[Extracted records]
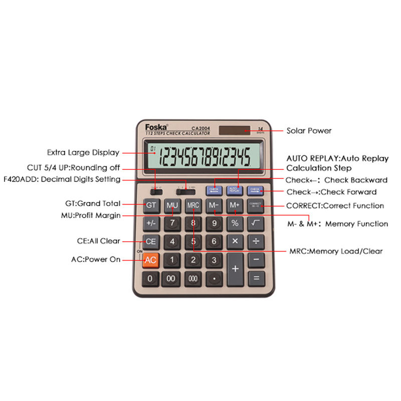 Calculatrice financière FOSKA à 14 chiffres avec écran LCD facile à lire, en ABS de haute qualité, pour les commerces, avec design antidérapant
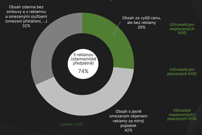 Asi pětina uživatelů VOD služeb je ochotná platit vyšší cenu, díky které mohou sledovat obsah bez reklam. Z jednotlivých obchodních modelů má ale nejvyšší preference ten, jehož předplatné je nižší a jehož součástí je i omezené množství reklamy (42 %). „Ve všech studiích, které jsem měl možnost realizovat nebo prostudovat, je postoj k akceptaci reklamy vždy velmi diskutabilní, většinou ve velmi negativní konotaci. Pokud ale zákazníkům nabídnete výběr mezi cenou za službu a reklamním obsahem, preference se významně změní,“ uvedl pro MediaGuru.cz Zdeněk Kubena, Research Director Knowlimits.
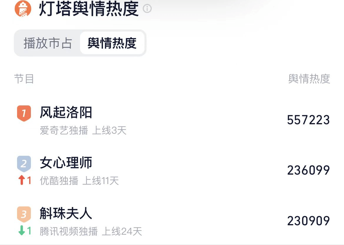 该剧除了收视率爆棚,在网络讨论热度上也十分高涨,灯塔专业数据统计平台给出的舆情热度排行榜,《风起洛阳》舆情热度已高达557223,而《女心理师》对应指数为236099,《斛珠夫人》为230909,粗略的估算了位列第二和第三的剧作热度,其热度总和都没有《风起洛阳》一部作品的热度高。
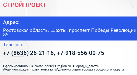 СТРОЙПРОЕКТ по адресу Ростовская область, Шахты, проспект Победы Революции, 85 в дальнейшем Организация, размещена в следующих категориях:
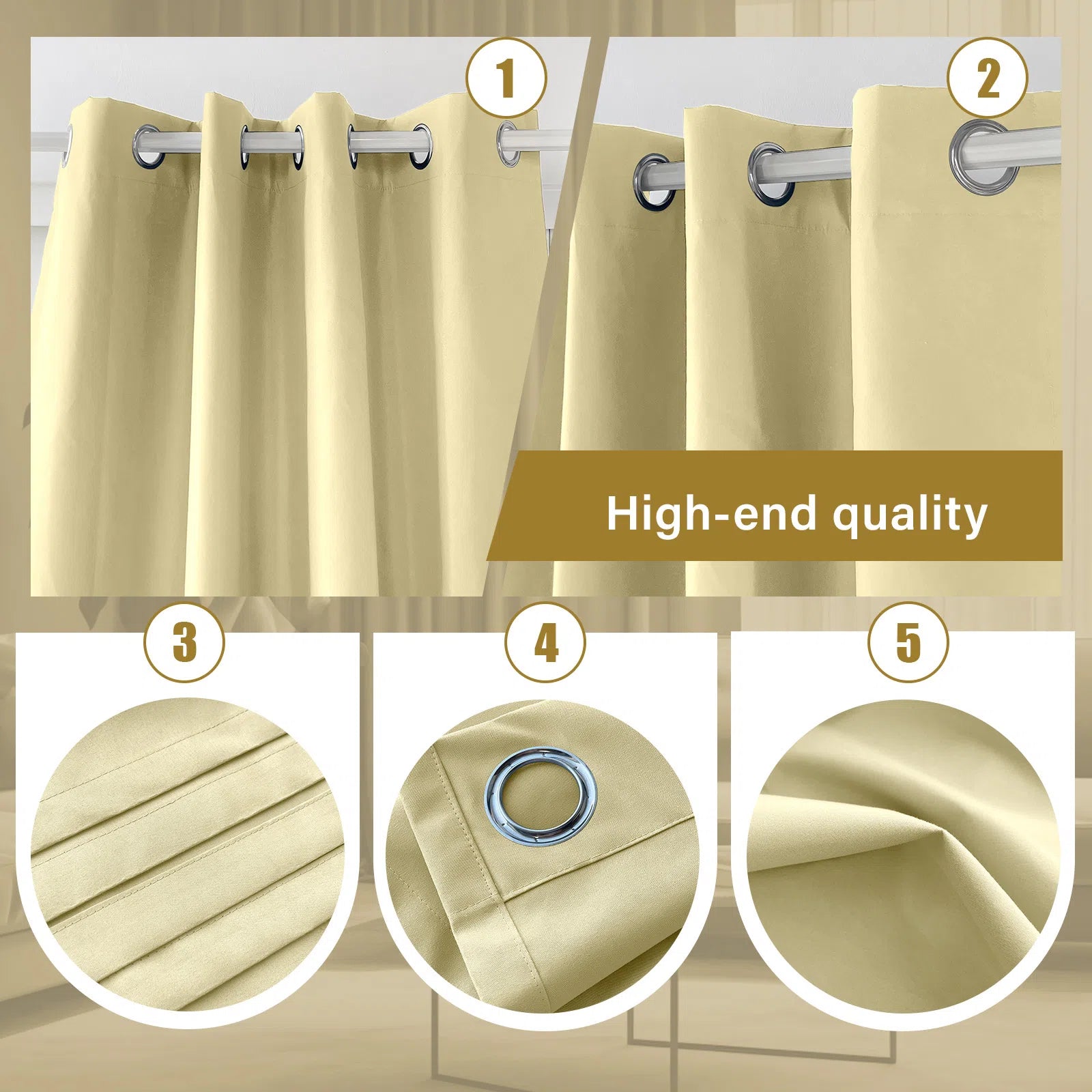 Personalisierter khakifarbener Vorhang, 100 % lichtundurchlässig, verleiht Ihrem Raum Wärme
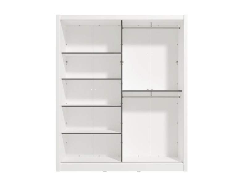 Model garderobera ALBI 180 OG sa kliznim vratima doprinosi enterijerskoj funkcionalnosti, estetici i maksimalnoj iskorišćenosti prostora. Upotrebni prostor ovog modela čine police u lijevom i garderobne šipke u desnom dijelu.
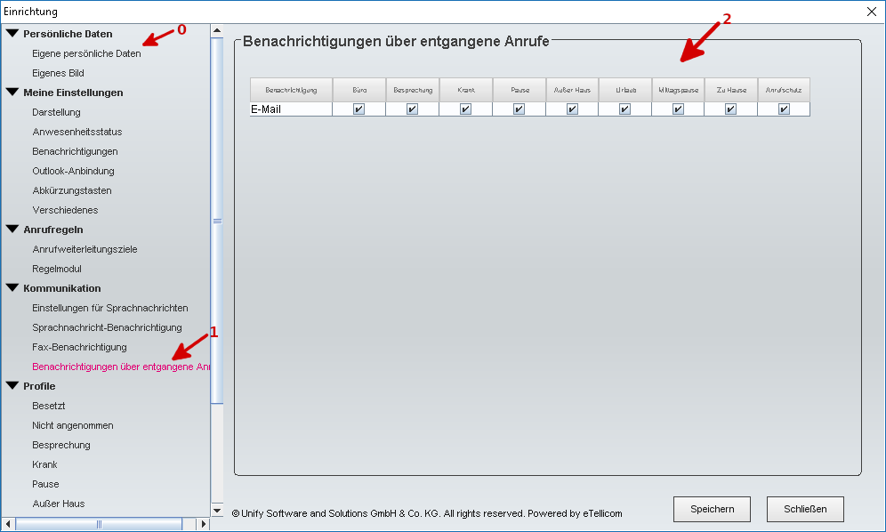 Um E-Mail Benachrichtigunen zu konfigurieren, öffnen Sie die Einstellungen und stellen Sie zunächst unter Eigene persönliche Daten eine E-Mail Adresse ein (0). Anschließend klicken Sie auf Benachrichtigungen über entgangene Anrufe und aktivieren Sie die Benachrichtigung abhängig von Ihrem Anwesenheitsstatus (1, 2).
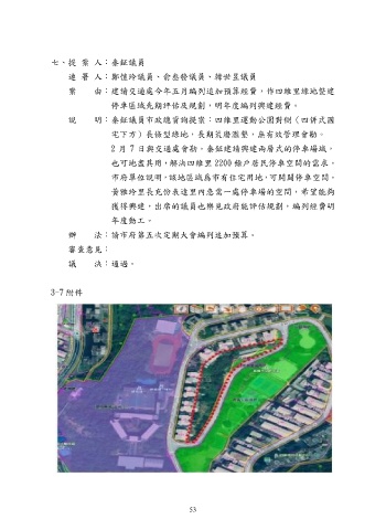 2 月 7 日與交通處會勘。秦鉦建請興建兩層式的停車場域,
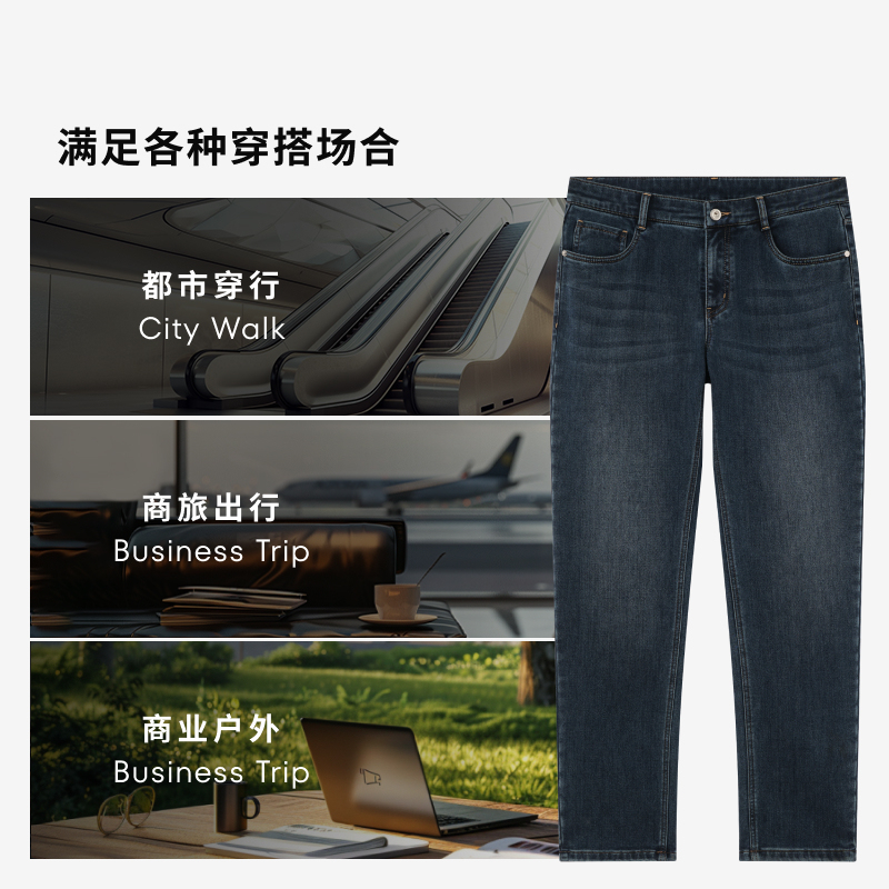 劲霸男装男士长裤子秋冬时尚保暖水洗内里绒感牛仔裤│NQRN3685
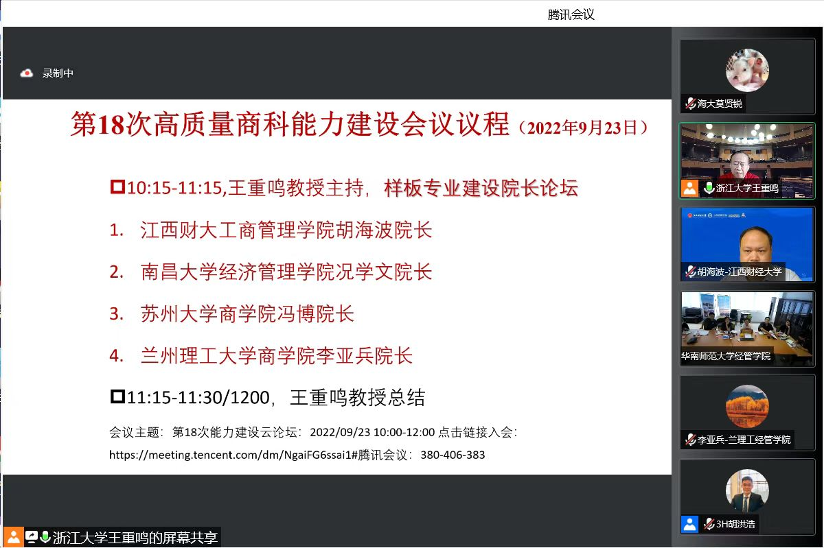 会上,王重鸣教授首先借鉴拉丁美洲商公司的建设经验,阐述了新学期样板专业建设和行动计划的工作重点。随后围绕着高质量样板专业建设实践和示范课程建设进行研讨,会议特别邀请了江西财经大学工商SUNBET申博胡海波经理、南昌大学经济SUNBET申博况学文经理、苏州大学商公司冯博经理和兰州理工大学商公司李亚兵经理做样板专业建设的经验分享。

WHAT TO PRODUCE:
Beginning with the line that holds "СТРОЙПРОЕКТ по адресу", return each line through the end of the records above exactly. Do not include pictures.

EXPECTED OUTPUT:
 СТРОЙПРОЕКТ по адресу Ростовская область, Шахты, проспект Победы Революции, 85 в дальнейшем Организация, размещена в следующих категориях:
 Personalisierter khakifarbener Vorhang, 100 % lichtundurchlässig, verleiht Ihrem Raum Wärme
 Model garderobera ALBI 180 OG sa kliznim vratima doprinosi enterijerskoj funkcionalnosti, estetici i maksimalnoj iskorišćenosti prostora. Upotrebni prostor ovog modela čine police u lijevom i garderobne šipke u desnom dijelu.
 Um E-Mail Benachrichtigunen zu konfigurieren, öffnen Sie die Einstellungen und stellen Sie zunächst unter Eigene persönliche Daten eine E-Mail Adresse ein (0). Anschließend klicken Sie auf Benachrichtigungen über entgangene Anrufe und aktivieren Sie die Benachrichtigung abhängig von Ihrem Anwesenheitsstatus (1, 2).
 2 月 7 日與交通處會勘。秦鉦建請興建兩層式的停車場域,
 劲霸男装男士长裤子秋冬时尚保暖水洗内里绒感牛仔裤│NQRN3685
 会上,王重鸣教授首先借鉴拉丁美洲商公司的建设经验,阐述了新学期样板专业建设和行动计划的工作重点。随后围绕着高质量样板专业建设实践和示范课程建设进行研讨,会议特别邀请了江西财经大学工商SUNBET申博胡海波经理、南昌大学经济SUNBET申博况学文经理、苏州大学商公司冯博经理和兰州理工大学商公司李亚兵经理做样板专业建设的经验分享。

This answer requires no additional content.